> _What to work on_: Line by line, restate the material word for word, omitting any image.

> _Provided material_:
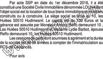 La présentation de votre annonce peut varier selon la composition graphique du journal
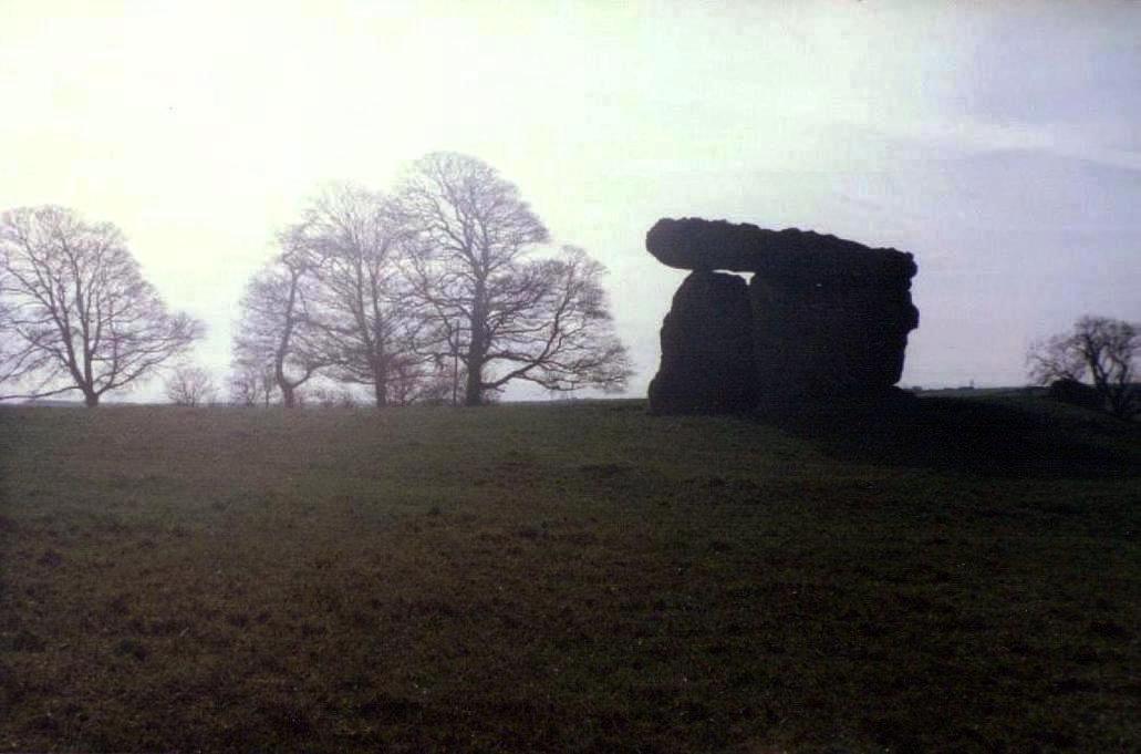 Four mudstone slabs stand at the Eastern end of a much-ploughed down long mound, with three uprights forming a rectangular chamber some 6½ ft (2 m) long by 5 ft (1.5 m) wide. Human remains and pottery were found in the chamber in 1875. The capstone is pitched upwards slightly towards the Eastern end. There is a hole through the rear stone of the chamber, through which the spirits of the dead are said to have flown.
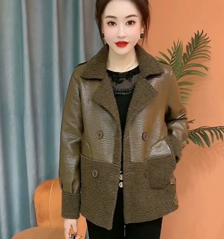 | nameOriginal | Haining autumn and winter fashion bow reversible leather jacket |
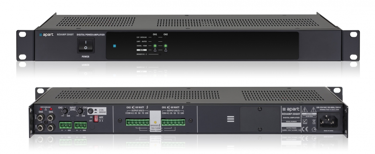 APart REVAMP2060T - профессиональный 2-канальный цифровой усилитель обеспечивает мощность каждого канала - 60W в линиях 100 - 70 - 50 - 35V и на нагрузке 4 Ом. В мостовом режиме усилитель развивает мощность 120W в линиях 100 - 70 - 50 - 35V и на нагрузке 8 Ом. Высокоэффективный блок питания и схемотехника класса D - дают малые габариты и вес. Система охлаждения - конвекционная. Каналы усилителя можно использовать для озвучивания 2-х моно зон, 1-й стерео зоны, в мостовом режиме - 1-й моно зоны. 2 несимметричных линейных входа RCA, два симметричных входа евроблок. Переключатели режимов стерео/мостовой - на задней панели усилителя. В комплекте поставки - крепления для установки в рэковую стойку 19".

> _Reply to the exercise_:
 La présentation de votre annonce peut varier selon la composition graphique du journal
 Four mudstone slabs stand at the Eastern end of a much-ploughed down long mound, with three uprights forming a rectangular chamber some 6½ ft (2 m) long by 5 ft (1.5 m) wide. Human remains and pottery were found in the chamber in 1875. The capstone is pitched upwards slightly towards the Eastern end. There is a hole through the rear stone of the chamber, through which the spirits of the dead are said to have flown.
 | nameOriginal | Haining autumn and winter fashion bow reversible leather jacket |
 APart REVAMP2060T - профессиональный 2-канальный цифровой усилитель обеспечивает мощность каждого канала - 60W в линиях 100 - 70 - 50 - 35V и на нагрузке 4 Ом. В мостовом режиме усилитель развивает мощность 120W в линиях 100 - 70 - 50 - 35V и на нагрузке 8 Ом. Высокоэффективный блок питания и схемотехника класса D - дают малые габариты и вес. Система охлаждения - конвекционная. Каналы усилителя можно использовать для озвучивания 2-х моно зон, 1-й стерео зоны, в мостовом режиме - 1-й моно зоны. 2 несимметричных линейных входа RCA, два симметричных входа евроблок. Переключатели режимов стерео/мостовой - на задней панели усилителя. В комплекте поставки - крепления для установки в рэковую стойку 19".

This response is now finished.